If this securing of both negative and positive rights is integral to the maintenance and flourishing of a liberal democracy, then how much more so is to maintenance and flourishing of parenthood? To be sure there is a vital and essential component of parenthood that entails a significant notion of negative rights, that is, the freedom to choose whether when and how one becomes a parent or whether one becomes a parent at all and to not have the freedom infringed upon. Such a negative right has been clearly enunciated and codified in American jurisprudence. Yet as Tamar Ezer observes, American jurisprudence has also revealed, although to not as great an extent, the existence of a positive right to parenthood as well. More specifically, it views “the work of parenthood [as] both a right and a duty, endowed with special public value” (Ezer 2014). To be a parent then not only means that I have the negative right to choose to become a parent, but also the recognition that I am now simultaneously the object of the claim of another’s positive right, namely, the child whose parent I have chosen to become. Thus, in a sense, I am only truly a parent to the extent that I recognize that my negative right to reproductive freedom is inextricably linked to assuming my child’s right to dignity and care. Indeed, the former right is quite literally a dependent. As Ezer explains:

Recognizing positive rights for children need not undermine either the rights of parents or those of society. Children’s rights do not threaten parent’s rights, but, in fact underpin them. Parent’s rights are empty and meaningless when divorced from the needs of children. Children’s rights do not create conflict, but rather translate existing tensions, forcing us to wrestle with openly difficult questions.

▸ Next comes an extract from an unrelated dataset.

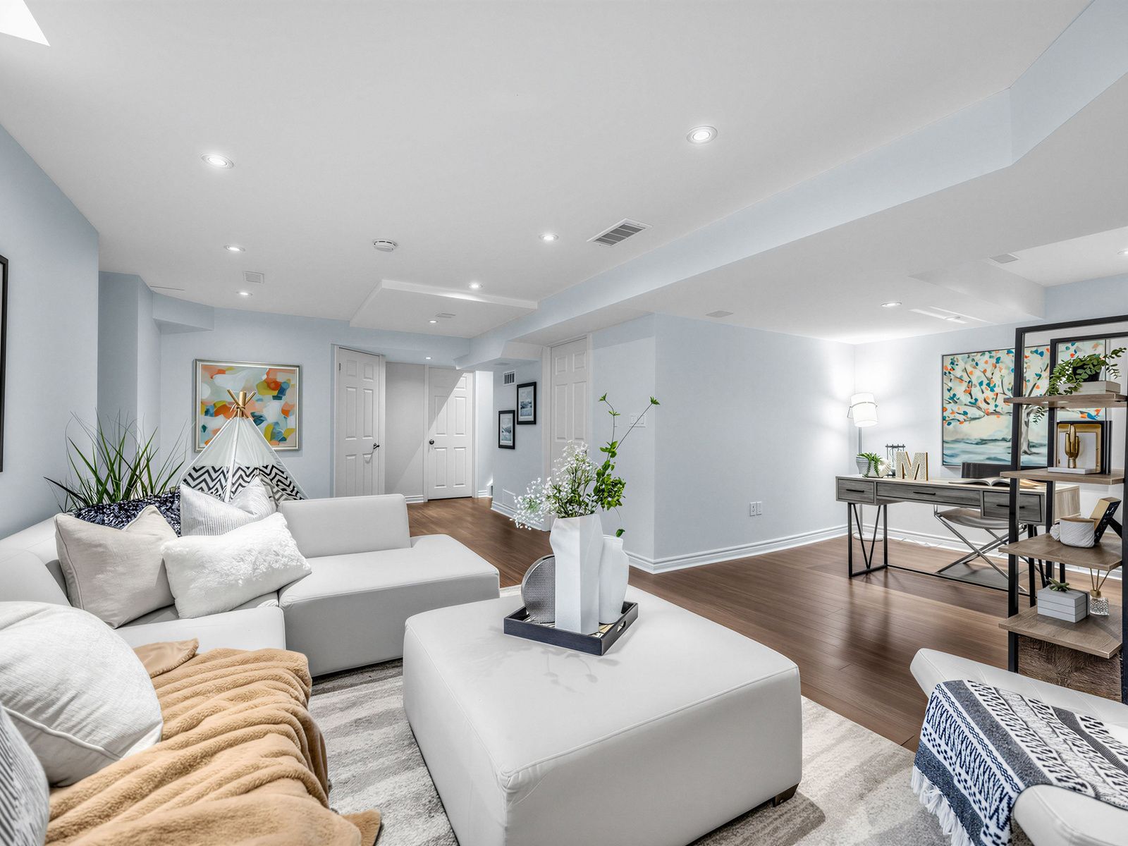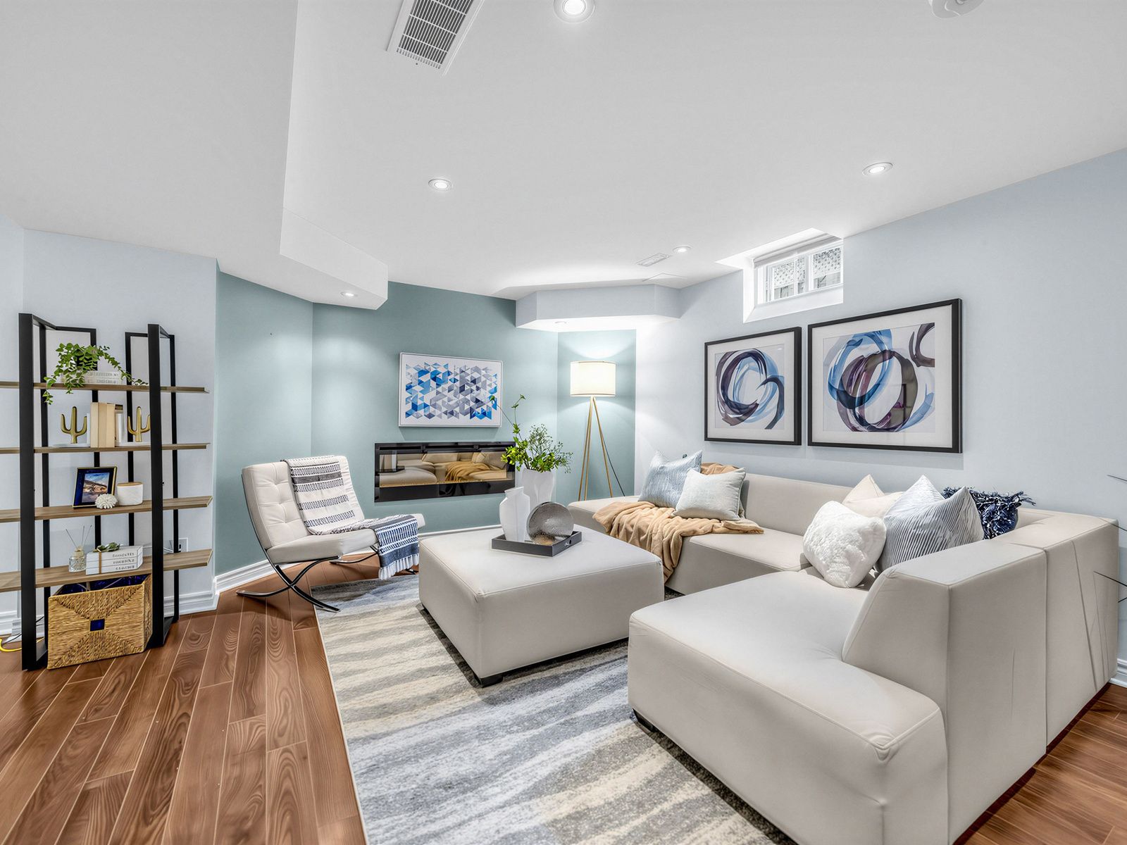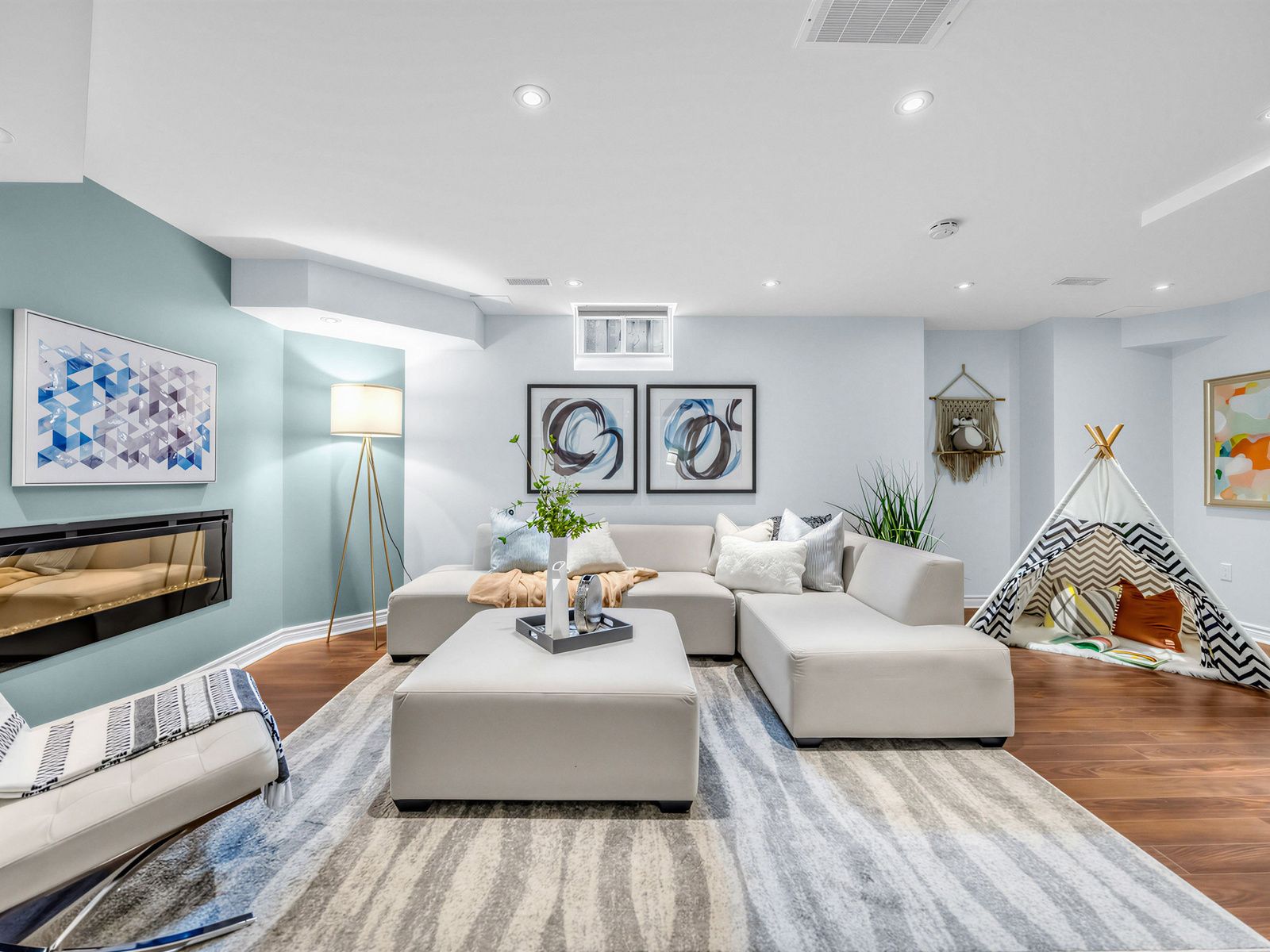 • Finished basement with electric fireplace, perfect for media or play areas.

Not only do positive rights for children not create conflict, but to the contrary, the affirm connections to the community. Bound up with duties and responsibilities between the state and the individuals, rather than contributing to dissolution, they strengthen connections.

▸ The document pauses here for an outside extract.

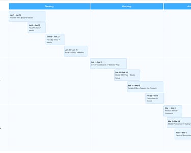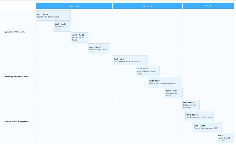 To bring Drop 001 to life, I developed a structured three-month launch timeline covering storytelling, teaser campaigns, content creation, creator submissions, production, unboxing, and the product reveal. This timeline integrates the Content Plan, Faces of Bóra submissions, and all brand touchpoints into one cohesive flow.
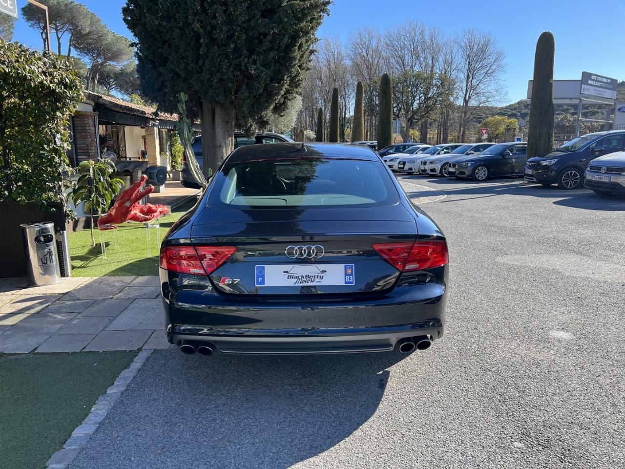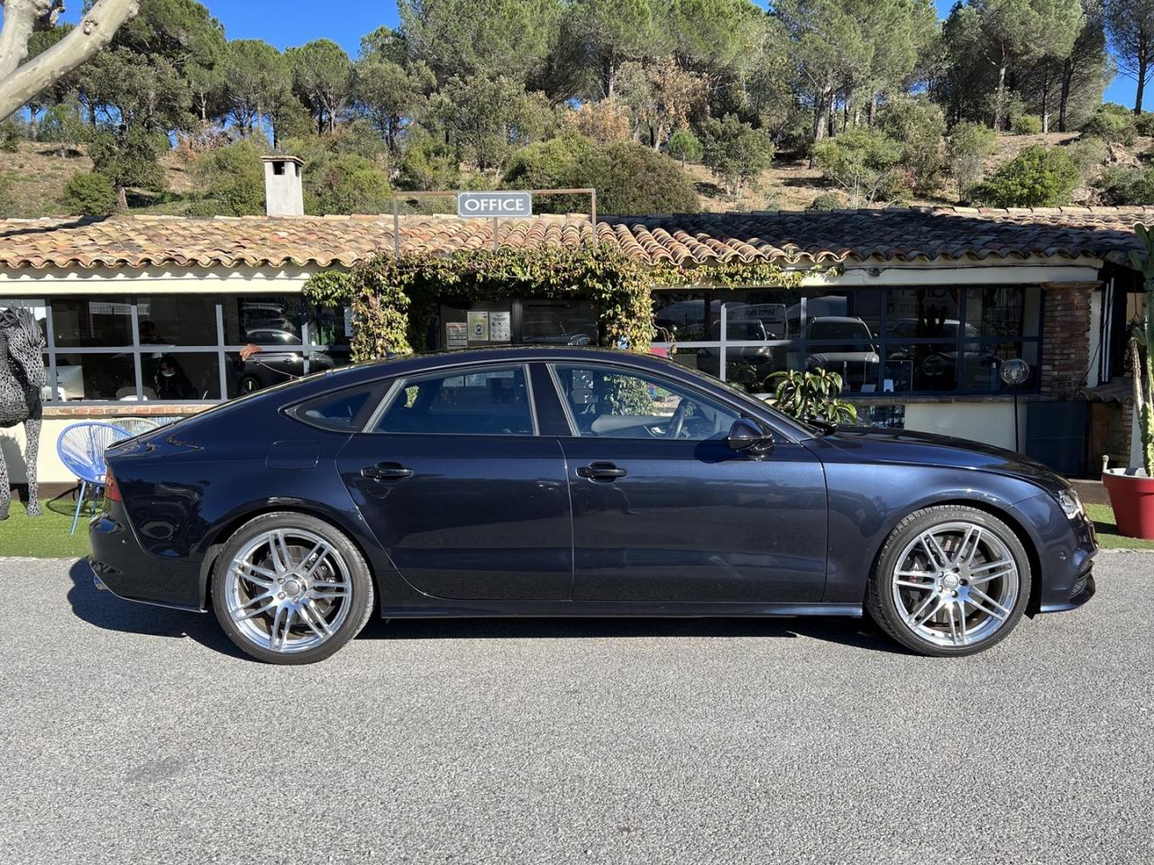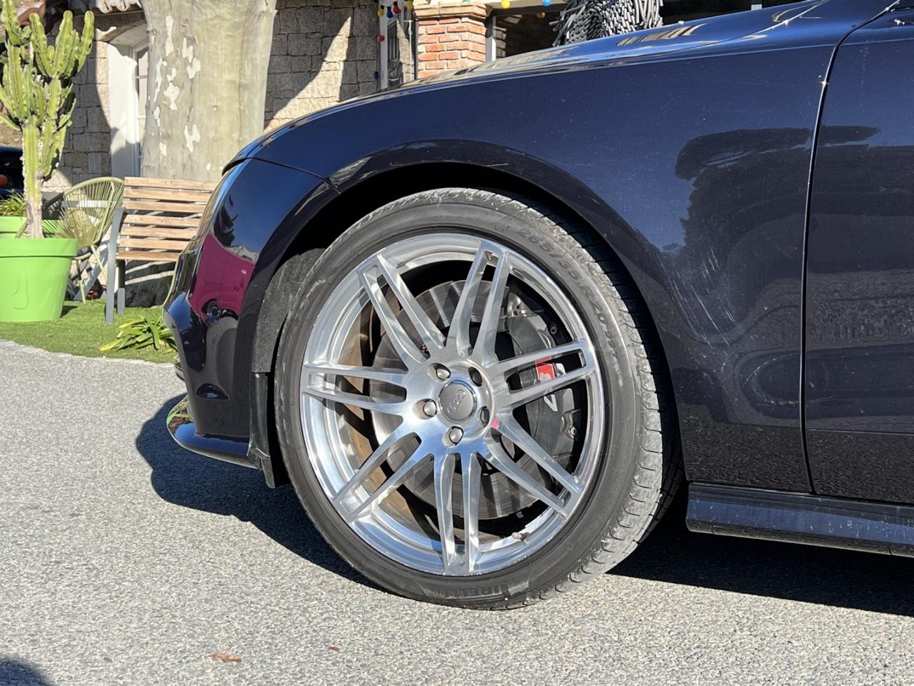 ABS (antiblocage de roue) avec répartiteur de freinage EBV et assistance hydraulique au freinage d'urgenceÉclairage d'ambiance intérieur et extérieur à LEDAccoudoir central arrière, rabattable, avec vide-pochesAccoudoir central avant en cuir avec porte-boisson intégréActive Noise Cancellation : permet de réduire les bruits parasites produits par le roulement du véhiculeAdaptive air suspension Sport à réglages S spécifiquesAirbags de tête : se déploient comme un rembourrage protecteur sur toute la surface des vitres latérales et protègent les passagers avant et ceux des places extérieures arrière en cas de collision latéraleAirbags frontaux conducteur et passager grand volumeAlarme antivol avec protection antidémarrage électronique, antiremorquage, protection volumétrique à ultrasons et sirène indépendanteApplications décoratives en carboneAppuie-têtes intégraux à l'avantASR (antipatinage) pour une motricité et une rigidité transversale optimalesAssistance au véhicule basée sur les données de navigationAudi connect (inclut GPS Advanced et préparation téléphone 8W)Audi Drive Select, permet différents réglagesAudi Hold Assist, maintient le véhicule à l'arrêtAudi Music InterfaceAudi Park AssistAudi Parking System Plus avant et arrière avec caméra de reculAudi pre sense, grâce à l'interaction de différents systèmesAudi Premium Tracking System : système de localisation et d'immobilisation par satellite couplé à l'alarme antivolAutoradio intégré au MMIBanquette arrière avec vide-poches central : 2 places, rabattableBecquet arrière asservi à la vitesseBose Surround Sound : système audiophonique DSP à 12 canaux avec compensation dynamique des bruits ambiants, 14 haut-parleurs (puissance totale de 600 W)Bouton de démarrage du moteur type SCalandre Audi Singleframe chromée style SCarrosserie hybride en aluminiumCeintures de sécurité trois points à enrouleur à toutes les places avec prétensionneur réversibleCendrier et allume-cigare éclairés à l'avant et à l'arrièreChauffage des sièges avantCiel de pavillon en tissu noirClignotants avec fonction autoroute : une brève impulsion sur le comodo active 3 cycles de clignotementClimatisation automatique à 4 zonesCoffre à bagages à ouverture automatiqueColonne de direction réglable électriquement en hauteur et en profondeur, avec dispositif automatique d'entrée et de sortieContrôle de la pression des pneus avec signaux acoustique et visuel de perte de pressionCylinder on Demand : système intelligent de gestion des cylindres qui permet de passer de 4 à 8 cylindres selon le besoin de puissance identifiéDémarrage et arrêt du moteur par simple impulsion sur le bouton moteur Start/Stop intégré à la console centrale, nécessite simplement d'avoir la clé sur soiDétecteur de luminosité : allume et éteint automatiquement les feux de croisement suivant les conditions de luminosité ; inclut fonction coming home/leaving homeEclairage intérieur à temporisation à l'avant et à l'arrière avec contacteurs sur toutes les portières, configurable par MMIEclaireurs et catadioptres actifs sur toutes les portièresEcrous antivolEDS (blocage électronique de différentiel)ESC (programme électronique de stabilisation)Feux de freinage adaptatifs et clignotants lors d'un freinage d'urgence (déclenchement des feux de détresse automatique)Feux stop, clignotants arrière, 3ème feu stop surélevé, deux feux de recul blancs et deux feux antibrouillard arrière à technologie LEDFixations pour sièges enfant ISOFIX aux places extérieures arrièreFonction mémoire du réglage du siège conducteur, du volant et des rétroviseurs extérieursFrein de stationnement électromécanique avec fonction Hold Assist, désactivation automatique au démarrage et fonction frein de secours sur les quatre roues durant la marcheFreins hautes performances avec disques ventilés, étriers de freinage laqués noirs, avec plaquette « S7 » Gris titane à l'avantGestionnaire de batterie, commande à l'aide de capteurs une alimentation électrique optimale du véhicule durant la marche et à l'arrêtGPS Advanced avec disque durInscription « quattro » sur le tableau de bord côté passagerInscription « S7 » sur la calandre, le capot de coffre, les étriers de frein avant, le volant Sport en cuir et le tachymètreInscription « V8 T » sur les ailes avantInserts de seuils de portes en aluminium et logo « S7 »Instrumentation de bord spécifique SJantes en aluminium coulé 5 branches doubles (style S), 8,5J x 19” avec pneus 255/40 R 19Keyless entryKeyless GoLivre de bord avec étuiLunette arrière dégivrante, avec minuterieMMI interface multimédia, concept de commandes centralisées comprenant un terminal MMI (unité de commande) et un écran escamotable (écran couleur de 8”)MMI TouchOrdinateur de bord avec écran couleur TFT 7” haute résolution avec affichage des informations au conducteurPack CoffrePare-brise en verre feuilleté athermiquePare-chocs dans la couleur de carrosserie, style S à l'avant et à l'arrièrePare-soleil conducteur et passager avant rabattables et orientables avec miroir de courtoisie éclairé et occultablePeinture métalliséePorte-boissons situés dans l'accoudoir central à l'avant et à l'arrièreProjecteurs Xénon Plus incluant lave-phares, feux de jour à LED et réglage automatique du site des pharesProtections latérales anticollisionRécupération d'énergie, générée lors des phases de freinage ou de décélération et système Start/Stop, permettant une économie de carburantRégulateur de vitesse, disponible à partir de 30 km/hRétroviseur intérieur jour/nuit automatique incluant détecteur de pluie et de luminositéRétroviseurs extérieurs avec clignotants à LED électriques, à mémoire, dégivrants, rabattables et jour/nuit automatique. Coques de rétroviseur style aluminiumRoue de secours type galette avec cric de levageS tronic, boîte de vitesses

Ezer’s concluding point about how the positive rights of children strengthens rather than weakens communal bonds speaks to the second way a purely negative right to reproductive freedom can undermine the integrity of the body politic. For while reproduction is essential to becoming a parent, the actual practice of parenthood is, by its very nature, an inherently communal enterprise. This is the case whether one is a single parent or co-parenting. In fact, it is especially the case if one is a single parent. It is precisely because a child has a positive to right to care and dignity that a parent or parents must forge the kind of connections and relationships with not only other parents but by extension all members of their society to ensure that they have access to the necessary communal goods and institutions which make such care and dignity possible. Hence I can no more choose to become a parent in isolation from my child than can I choose to parent in isolation from my community. To pretend otherwise is to deny ourselves of the very moral and communal goods that make parenting a meaningful and worthwhile endeavor.

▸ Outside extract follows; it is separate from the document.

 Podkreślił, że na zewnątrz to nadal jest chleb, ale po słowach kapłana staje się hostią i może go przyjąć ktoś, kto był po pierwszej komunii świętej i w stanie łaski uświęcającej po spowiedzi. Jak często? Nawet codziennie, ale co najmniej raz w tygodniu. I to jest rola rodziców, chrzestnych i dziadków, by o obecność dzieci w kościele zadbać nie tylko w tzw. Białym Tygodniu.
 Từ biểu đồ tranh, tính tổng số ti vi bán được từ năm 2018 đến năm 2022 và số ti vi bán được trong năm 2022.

As such to become a parent is to incur obligations of caring, nurturing, and responsibility that one does not necessarily get to choose. Indeed, there is a great irony in linking parenthood as with a negative liberty right since the actual fulfillment of that right acts as its own negation at the same time. I may well say that I can fulfill my right to become a parent simply by exercising my right to reproduce and leave it at that. In such a situation, there can exist a mother and/or a father of a child. Yet it would be difficult to say that either or both were parents as we have come to think of and define that term short of one or both fundamentally limiting their autonomy. To be a parent then is not only to possess the freedom and right to have a child but also to forego that very same right and freedom such that the child has you. Such a practice and politic is all the more necessary and salutary in a society and culture where one indeed is the loneliest number.